01:17:00.540They did not like that we were organizing.
01:17:02.840And we believe, you know, the lawsuit that we're filing on Wednesday, we're very confident about this lawsuit.
01:17:11.840If we need to take this to the Supreme Court, we will do so.
01:17:14.700But we are very confident that we can prove that the school board, the superintendent, and other actors within our school system conspired potentially with the private security company and outside political organizations linked to BLM to set up the conditions at that meeting that led to my arrest.
01:17:36.520And we are very confident when we move into discovery, we can depose these individuals and have them testify under oath.
01:17:45.560We're going to shine a light on this entire system.
01:17:47.980And we're going to stand up for parents across the country who have been bullied, school boards who have used the police to suppress their voices and to intimidate them into silence, which is what we believe they tried to do on that day.
01:18:02.060In any other world, the audience might be sitting here saying, nah, no, the school board wouldn't use police to silence parents.
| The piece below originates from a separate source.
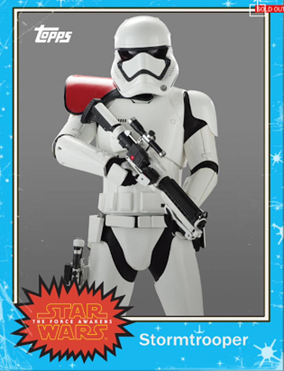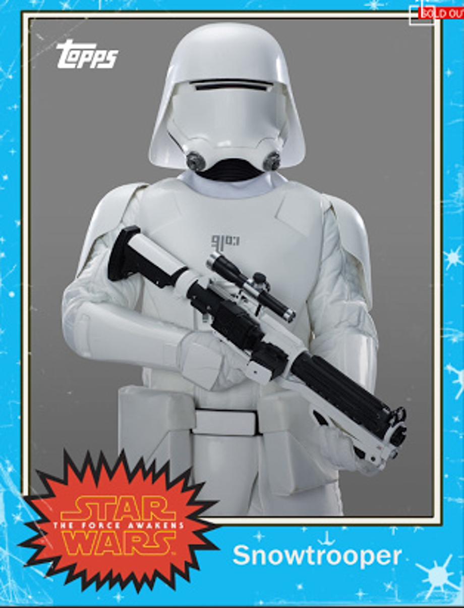 And this time it's not promo art! Courtesy of the Topps Card Trader app, we have brand new live-action character shots of Rey, Chewie, BB-8, Kylo Ren, Captain Phasma, C-3PO, R2-D2, and 2 different versions of the First Order Stormtroopers. Check them out after the jump...

01:18:10.940But now we know at the very highest levels of our government, we've had a White House coordinate with an attorney general to accept that these parents speaking out of these meetings may be domestic terrorists and may be the subject of FBI investigations.
01:18:23.900And who pushed them to do that? School boards.
01:18:26.760So, there's no question these school boards don't like dissent.
01:18:29.760They don't like objections to critical race theory, to masking, to vaccines, to, like you point out, this weird, I hate to call it sex ed.